DNM1 and when transcripts matter more than genes

What comes next. Earlier this month, Ingo made a bit of a splash at the American Epilepsy Society Annual Course, with his surprising comment that, in some contexts, “genes don’t matter.” This was in reference to transcripts and gene expression, which ultimately determine if and how variants can cause disease. In this post, I wanted to explore this idea, diving into the world of transcripts and their increasing relevance in approaching diagnosis and treatment of genetic epilepsies and neurodevelopmental disorders. And I wanted to share one of the most surprising findings in epilepsy genetics in 2022, namely, how examining transcripts rather than genes helped us understand how an intronic variant can be dominant-negative.

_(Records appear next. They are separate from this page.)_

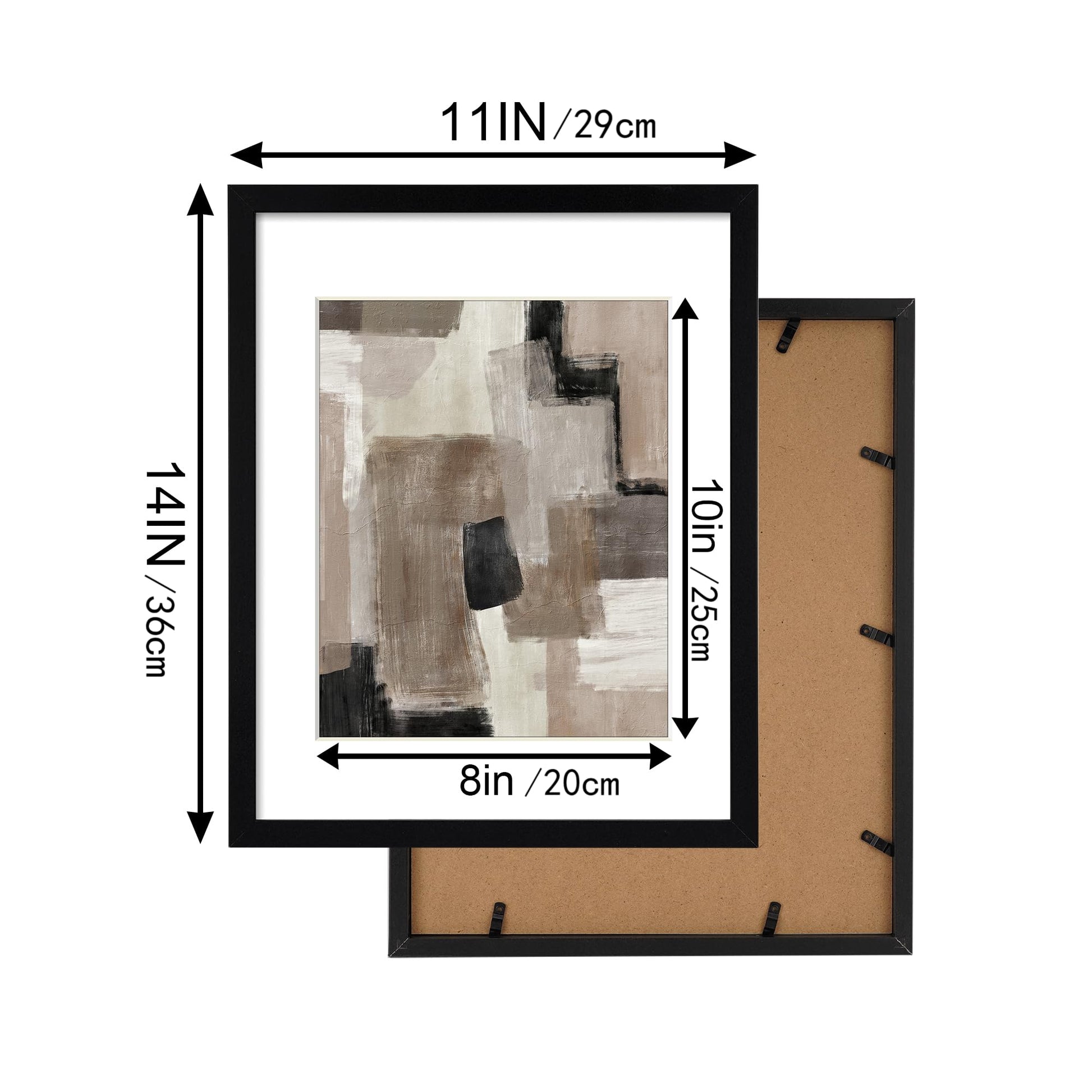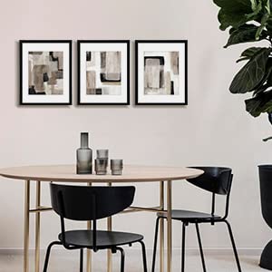 ArtbyHannah Framed Abstract Wall Art 3 Pack 11x14 IN with Brown Black Tan Blocks Prints for Wall Decor with Black Frames 29x36 cm, Extra Art Prints of Botanical Included
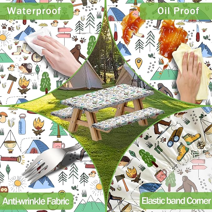 JAWO Picnic Table Covers with Bench Covers Camping Big Foot Adventure Tablecloth 8FT for 8 Person Fitted Picnic Table Cover with Elastic Windproof Waterproof Fabric, Camp Accessories Patio & Outdoor
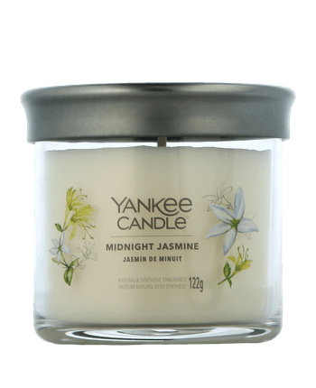 Yankee Candle Signature Tumbler Midnight Jasmine verleidt met een elegant boeket van delicate jasmijnbloesem, zoete kamperfoelie, neroli en mandarijnblaadjes. De sensuele geur ontvouwt zich als een zwoele nacht vol bloemengeuren - romantisch, kalmerend en vrouwelijk. De twee lonten en de hoogwaardige sojawasmix zorgen voor een langdurige, gelijkmatige geurbeleving. Ingelijst in een stijlvol glazen design is deze beker een echte blikvanger. Midnight Jasmine - een geur voor rustige momenten en zachte dromen.

Figure 1. DNM1 has two types of alternatively spliced transcripts: DNM1a containing exon 10a and DNM1b containing exon 10b. Above, multiple variants causing severe disease map exclusively to exon 10a. Below, analysis of RNAseq data in pediatric brains shows higher expression of DNM1a than DNM1b, suggesting DNM1a is the predominant brain transcript of DNM1. Figure modified from Parthasarathy, Ruggiero et al., 2022, AJHG.

Transcripts in the epilepsies. In general terms, when we think about disease-causing variants, it is important to consider how genes are transcribed, both in terms of quantity and time. This can be a critical determinant of when and how children present with features. A significant complication is alternative splicing of transcripts: as an example, in our work on STXBP1, we described an individual with a variant affecting an alternative transcript that is less abundant in the brain who had a correspondingly, atypically mild presentation.

Transcript confusion. The use of multiple, alternatively spliced transcripts in the literature can make variant interpretation challenging. For instance, the five major CACNA1A transcripts result in difficulty capturing recurrent variants and variant effects on the protein. However, transcripts are increasingly standardized, such as through the MANE project. These standard transcripts are often used as a reference in clinical genetic testing via panels or whole-exome sequencing. Therefore, pathogenic variants in alternative exons represent an important consideration in choosing representative transcripts for genes. In STXBP1, SCN2A and SCN8A, for example, this made it necessary to include multiple transcripts per gene in the set of clinically relevant transcripts.

Defining DNM1 disorders. This all leads to our recent work, now published in AJHG, on DNM1-related disorders, which are known to have a very specific DEE presentation caused by dominant-negative missense variants. These variants affect the GTPase or middle domains of the dynamin-1 protein and prevent normal oligomerization. Perplexingly, we were seeing individuals in our clinic with a typical DNM1 presentation who had variants that seemed to be in the wrong place; that is, they affected an alternative exon of the gene.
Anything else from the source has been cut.